26 DE FEBRERO. Leí con horror el comentario “Defienden caza de delfines” del abogado [de la Autoridad de los Recursos Acuáticos de Panamá] Gabriel D’Annunzio Rosanía Villaverde [publicado el 26 de febrero en la página del lector].En este artículo, mediante un mar de términos legales intenta justificar una actividad cruel y puramente comercial como lo es la captura de delfines en aguas panameñas.Peor aún, demuestra un desconocimiento total sobre lo que implica la captura y cautiverio de cetáceos. Me refiero específicamente a donde escribe: “Cuando echamos un vistazo a las circunstancias en que se ven sometidos los mamíferos marinos a nivel mundial, contemplamos que además de causas naturales, estos seres son víctimas de actos atroces que les causa la muerte en cantidades desproporcionadas.

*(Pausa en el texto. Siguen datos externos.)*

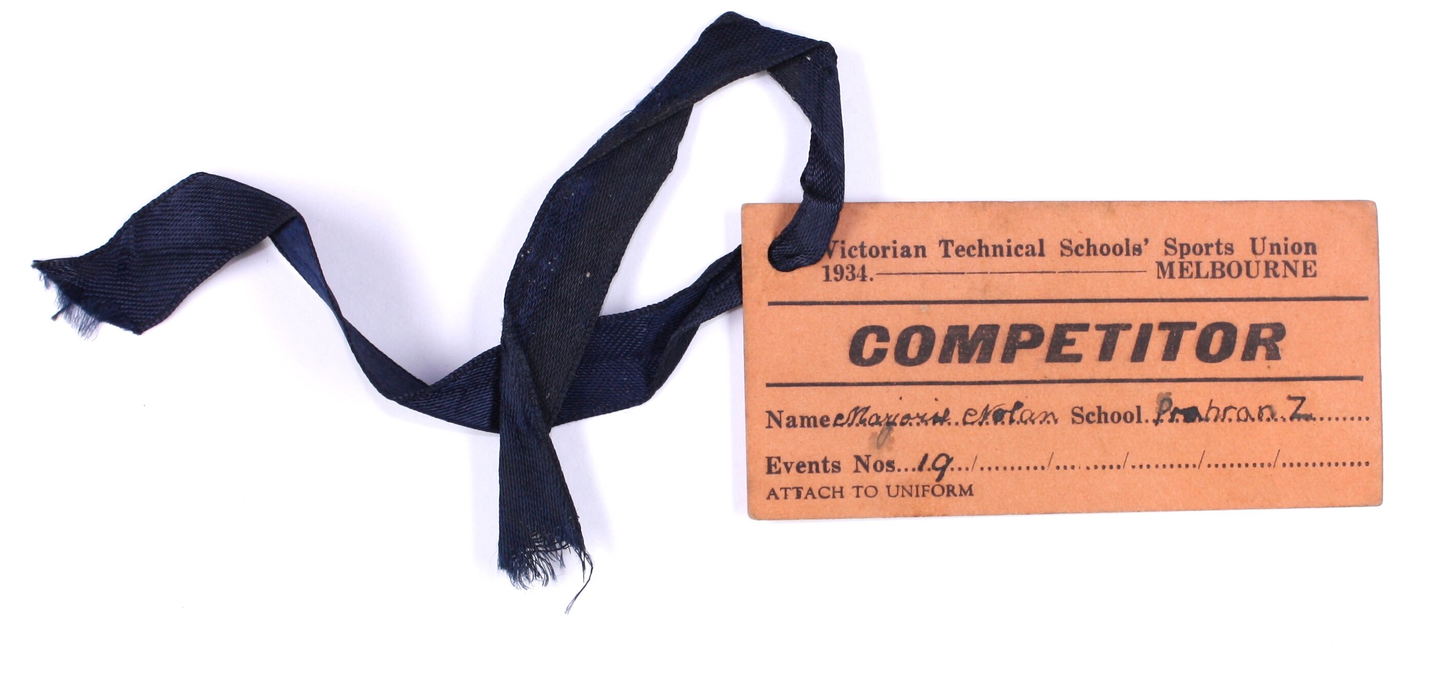 Printed on obverse with handwritten information in black ink: Victorian Technical Schools, Sports Union/ 1934. MELBOURNE/ COMPETITOR/ Name Marjorie Nolan School Prahran Z/ Events Nos 19/; ATTACH TO UNIFORM Printed on reverse: Competitors must be at the starting post/ on Time and retire from arena immediately/ their event is completed.

Frente a este escenario espeluznante, ¿qué es lo más conveniente: dejarlos en su medio natural para que sigan siendo exterminados o tomar las medidas que sean necesarias para garantizar su continuidad como especies naturales? ¿No habremos logrado muchísimo si salvamos al menos a un mamífero marino? Esto es así sin menoscabo de los valiosos aportes que puede generar el cautiverio de estas especies para el desarrollo del país y de las investigaciones científicas“.La captura de delfines para su supuesto estudio científico no tiene validez alguna; un delfín cautivo no tiene el comportamiento natural de los salvajes; de hecho, toda su conducta es totalmente impuesta por sus captores. Bien dijo Jacques Cousteau, uno de los más respetados oceanógrafos, gran conocedor y defensor del ambiente que estudiaba el mundo salvaje en su estado natural: “hay tanto beneficio educativo en estudiar delfines en cautiverio como lo habría de estudiar prisioneros humanos en celdas de confinamiento solitario”.

Su nieta, Alexandra Cousteau, estuvo recientemente en Panamá precisamente promoviendo la defensa de los mares.Aparte, durante el proceso de captura es normal que mueran uno o varios más delfines, ya sea ahogados, por golpes por la violencia y miedo durante la captura, o incluso por el shock mismo. El delfín capturado usualmente muere en menos de cinco años por las condiciones antinaturales que se le imponen, como lo son el espacio reducido, soledad, agua clorada, alimentación inadecuada de peces muertos, entre otras.Por otro lado, el delfín salvaje es un apex-predator, es decir, está en la cima de una cadena alimenticia; alterar de forma irresponsable su número afecta al ecosistema completo. Los grupos de delfines del área del Caribe son pequeños, de unos tres a ocho animales; la captura de varias docenas de ellos —como ya han afirmado los que pretenden capturarlos— puede conllevar consecuencias desastrosas.Como bien comentaron en otro artículo hace pocas semanas, es riesgoso cuando especialistas en un tema opinan de forma errada sobre otros de su total desconocimiento.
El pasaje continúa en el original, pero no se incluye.